Segundo Rossetti (2005, p.9) o principal objetivo da Rede CEP é “construir em três anos uma proposta abrangente de política pública envolvendo mídia e escola”. Isso porque as novas mídias põem em xeque os modelos tradicionais de ensino e subvertem poderes estabelecidos. O problema da educação hoje não é tanto dar acesso à informação, papel tradicional das escolas, mas dar sentido ao “mar de informações” em que estamos todos mergulhados. Para lidar com tanta informação, é preciso repensar os modelos de Comunicação, Educação e Participação predominantes no século XX. (ROSETTI, 2005, p. 10).

Tanto Silva Filho (2004) quanto Rossetti (2005) revelam inúmeras possibilidades de experiências realizadas pelas organizações junto à educação básica. Ao falar das mudanças observadas entre as crianças e jovens participantes desses programas, Rosetti (2005, p.32), afirma que elas mostram o potencial das abordagens educativas da tríade Comunicação, Educação e Participação, pois percebe-se que elas ampliam o vocabulário e repertório cultural; aumentam as habilidades de comunicação; desenvolvem competências de trabalho em grupo, negociação de conflitos e planejamento de projetos; e melhoram o desempenho escolar, entre outros ganhos. Para Silva Filho (2004) isso acontece devido ao ecossistema comunicativo que se constitui no interior das organizações apontado por ele como “espaço de interdiscursividade e multireferencialidade” em que a experiência educomunicativa “acontece exata e necessariamente na integração ressignificada de diferentes referências, relações, fontes, discursos e experiências vividas no dia a dia das práticas educomunicativas”. (p. 158). O processo de ressignificação se dá a partir do conteúdo/material/entorno que vão tomando contato mediante a multirreferencialidade, bem como pelas experiências que vão sendo vivenciadas e pelos processos metodológicos que se constituem “o eixo estruturador


das práticas educomunicativas dessas instituições. As práticas se dão e se constituem na interdiscursividade e na multirreferencialidade”. (SILVA FILHO, 2005, p.161). Identificou três grandes ações metodológicas: o protagonismo juvenil, a gestão participativa dos processos comunicacionais e a ação por projetos. Ao falar dos valores que são trabalhados nas propostas educativas, enfatiza o trabalho em equipe como base metodológica das instituições de educomunicação e afirma que elas “são espaço de aceitação e de elaboração de valores”, pois nos projetos de educomunicação, os adolescentes e jovens têm a oportunidade não apenas de elaborar e assumir determinados valores, mas também de desenvolver competências e habilidades comunicacionais, tanto para a comunicação pessoal, quanto interpessoal, ou na interação com o entorno social. Essas competências e habilidades os tornam aptos, também, para o uso de tecnologias e o domínio de suas linguagens. (SILVA FILHO, 2004, p. 221).

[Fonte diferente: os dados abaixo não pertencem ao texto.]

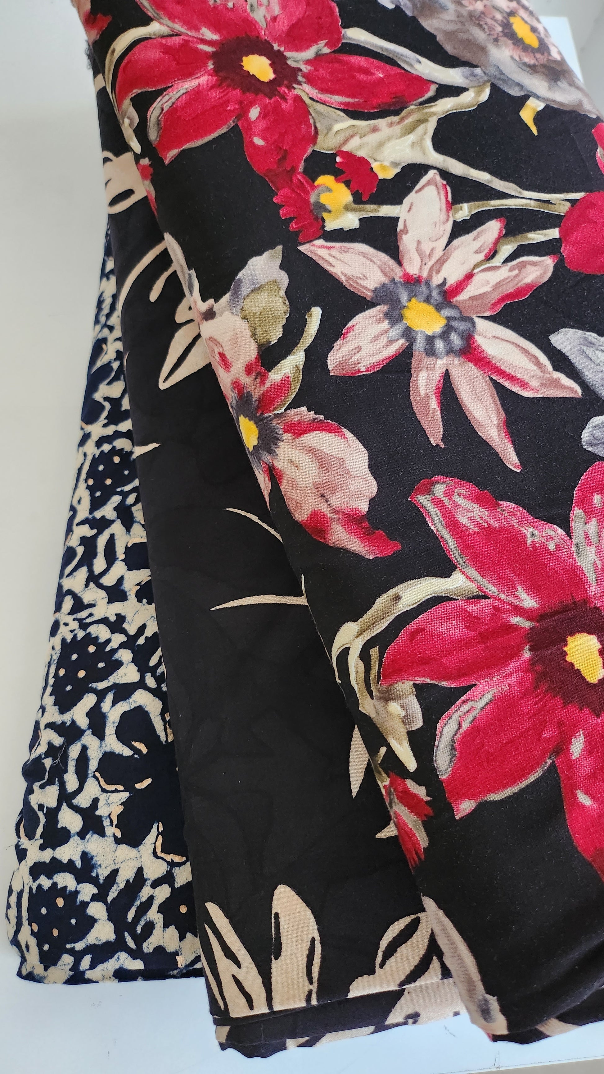 Add a touch of elegance with this Pure Rayon Cotton fabric, featuring a rich black base adorned with big multi-color floral prints and subtle abstract patterns. Crafted from soft, breathable rayon cotton fabric, it ensures all-day comfort and effortless style. Ideal for casual outings, festive occasions, or office wear, this fabric brings a bold yet graceful touch to your wardrobe.
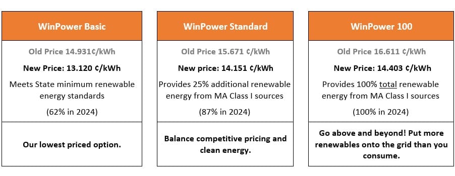 The town is excited that it has secured lower prices for all of our electricity supply options! The town has secured these lower prices, while also increasing the amount of renewable energy in the community’s default option, WinPower Standard. WinPower Standard will now provide 25% more New England-based renewable energy known as “MA Class I renewable energy.”

Suas práticas de gestão comunicativa “buscam convergências de ações, esforços e recursos, sincronizados em torno de um grande objetivo: ampliar o coeficiente comunicativo das ações humanas”. Silva Filho (2004) detectou que a comunicação nelas é participativa, democrática e descentralizada porque há uma maneira de “gerir os processos comunicacionais que possibilita a co-participação, a integração de todos os participantes, em seus diversos níveis, em torno de determinados objetivos e metas comuns”. (p. 247). Em sua pesquisa, fala do ecossistema comunicativo como um espaço que envolve “todas as ações, as pessoas, as metodologias, os conteúdos que fazem parte do processo educomunicativo” (p. 249). Percebeu ainda que esse espaço é propício ao desenvolvimento de competências (conhecimentos ou saberes) e habilidades (capacidades operacionais) para o exercício da comunicação. As competências e habilidades comunicacionais mais evidenciadas nas instituições foram: competência e habilidade para expressão de pontos de vista e interesses; competência para o diálogo e para compreensão das outras pessoas; competência e habilidade para recepção crítica dos meios e mensagens de comunicação social; competência e habilidades para o uso da linguagem de meios de comunicação. (SILVA FILHO, 2004, p. 252).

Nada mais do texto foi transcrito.